A
judia portuguesa do século XVI que desafiou o seu próprio destino
«A
primeira biografia de Grácia Nasi foi escrita por uma
mulher, Alice Fernand-Halphen, em l929,
na Revue de Paris sob o título Une Grande Dame Juive de la Renaissance,
Gracia Mendes-Nasi. Antes, já alguns autores se haviam referido a ela no
século XVII e no século XIX, nomeadamente, Meyer Keyserling na sua História
dos Judeus em Portugal, Geschichte Der Juden in Portugal, publicada
em 1867. Mas é sobretudo no século XX
que se desenvolvem obras romanescas e estudos históricos dedicados à sua vida e
personagem dos quais o grande marco é o livro de Cecil Roth, Dona Gracia
Nasi publicado em 1948. Não
farei aqui a lista de todas as publicações dedicadas àquela que ficou conhecida
como Ha Giveret A Senhora. Em contrapartida, é
interessante saber qual o motivo de tão abundante literatura em torno de uma
mulher do século XVI sobre cuja vida existe, afinal, muito pouca documentação. Não
há dúvida de que a escassez de elementos históricos pode contribuir para
alimentar a imaginação, mas a verdade é que se encontram reunidas nesta
personagem alguns elementos que atestam a sua singularidade e que contribuem
para o símbolo em que se tornou. Em primeiro lugar trata-se de uma mulher. No
século XVI, várias mulheres ocuparam um lugar de destaque, tais como Lucrécia
Bórgia ou Catarina de Médicis, Maria da Escócia ou Isabel de Inglaterra.
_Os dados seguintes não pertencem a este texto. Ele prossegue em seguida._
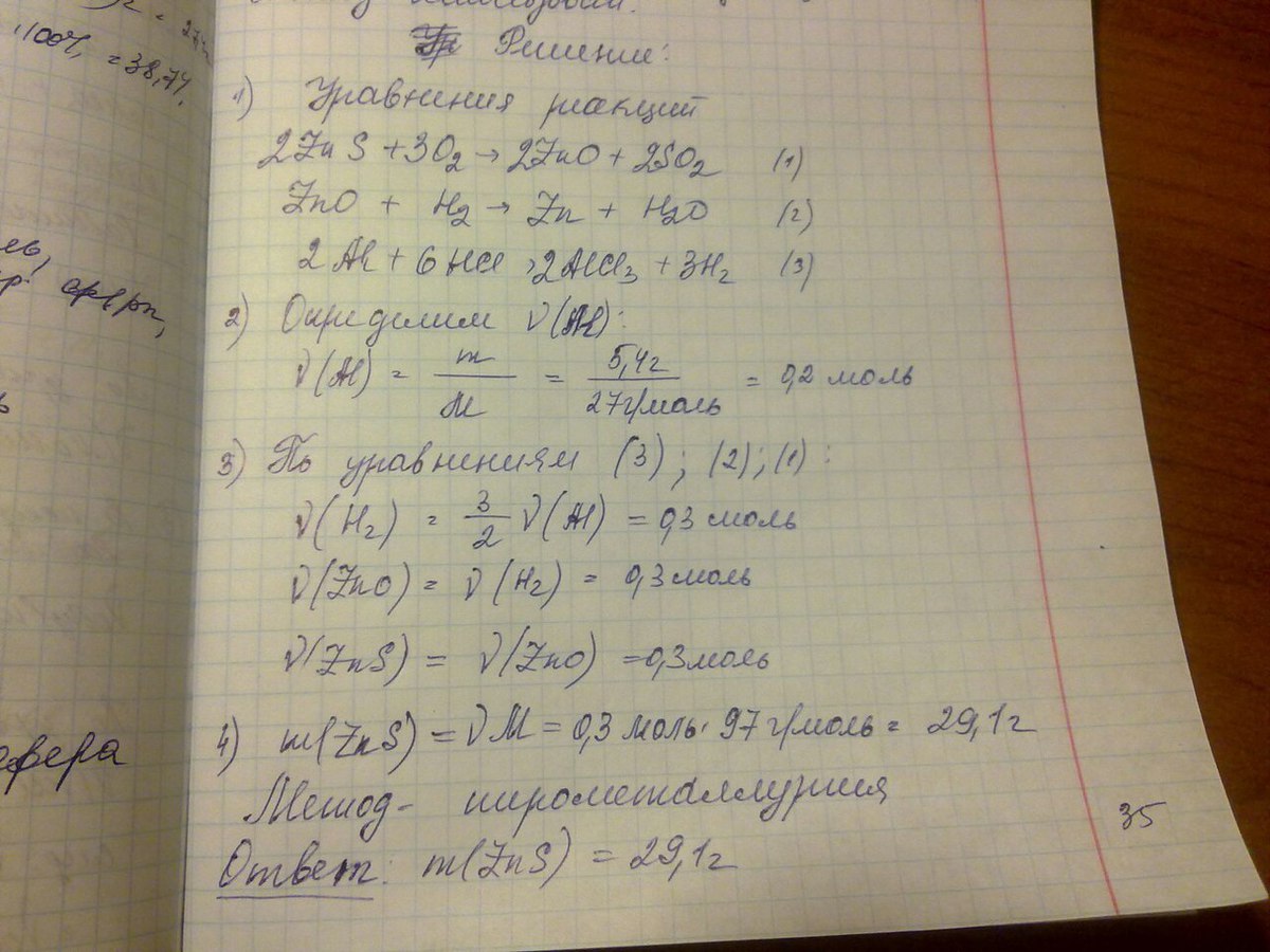 кислотой. Какова масса сульфида цинка, подвергшегося обжигу? Какой способ получения металла используется?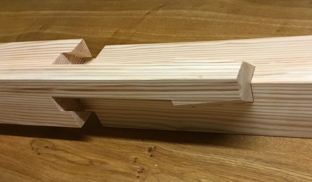 Dies ist eine diagonale Schwalbenschwanz Längsverbindung. Diese Holzverbindung stammt aus der japanischen Handwerkskunst.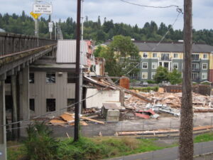 destruction part of the construction, as the first batch of condos on the Northeast side of the bridge are beginning to come down.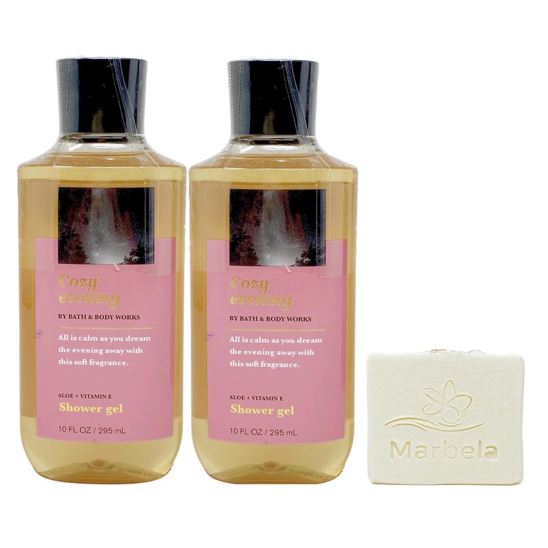 Bath & Body Works Cozy Evening - 2 Pack - Shower Gel Aloe + Vitamin E With a Marbela Natural Oats Sample Soap. (Marbela Sample Soap May Very)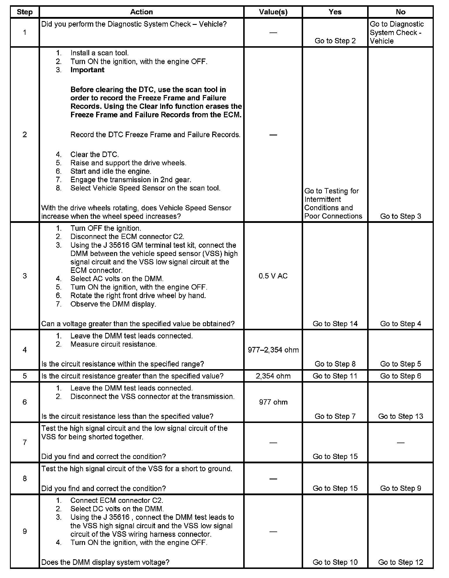 3. This step tests the ability of the VSS to produce an AC voltage. This step also verifies the integrity of the wiring to the ECM.

Benvenida Abrabanel, em Ferrara, e Esther Kyra,
em Istambul, foram duas mulheres judias que, entre outras, desempenharam
igualmente um importante papel. Mas, no geral, as mulheres eram consideradas
inferiores aos homens no plano jurídico e político. Assim, num universo temporal
em que o homem é o elemento preponderante, o que faz história, Grácia Nasi, por força das circunstâncias,
morte do marido, perseguição inquisitorial, herdeira involuntária de uma fortuna
colossal, e pela força do seu carácter, vai ela própria fazer história. Esta Senhora rompeu com a maneira de ser
das mulheres, escreveu no século XVI o grande poeta de Salónica, Saadiah
Lungo, o que na sua pena é certamente o maior dos elogios. Não é, pois, por
acaso que a primeira biografia a ela dedicada tenha sido escrita por uma mulher
e que sejam sobretudo mulheres quem vai ao longo do século XX romancear e ficcionar
a sua personagem num processo de identificação e de projecção pessoal…» In
Esther Mucznik, Grácia Nasi, A judia portuguesa do século XVI que desafiou o
seu próprio destino, A Esfera dos Livros, Lisboa, 2010, ISBN 978-989-626-244-0.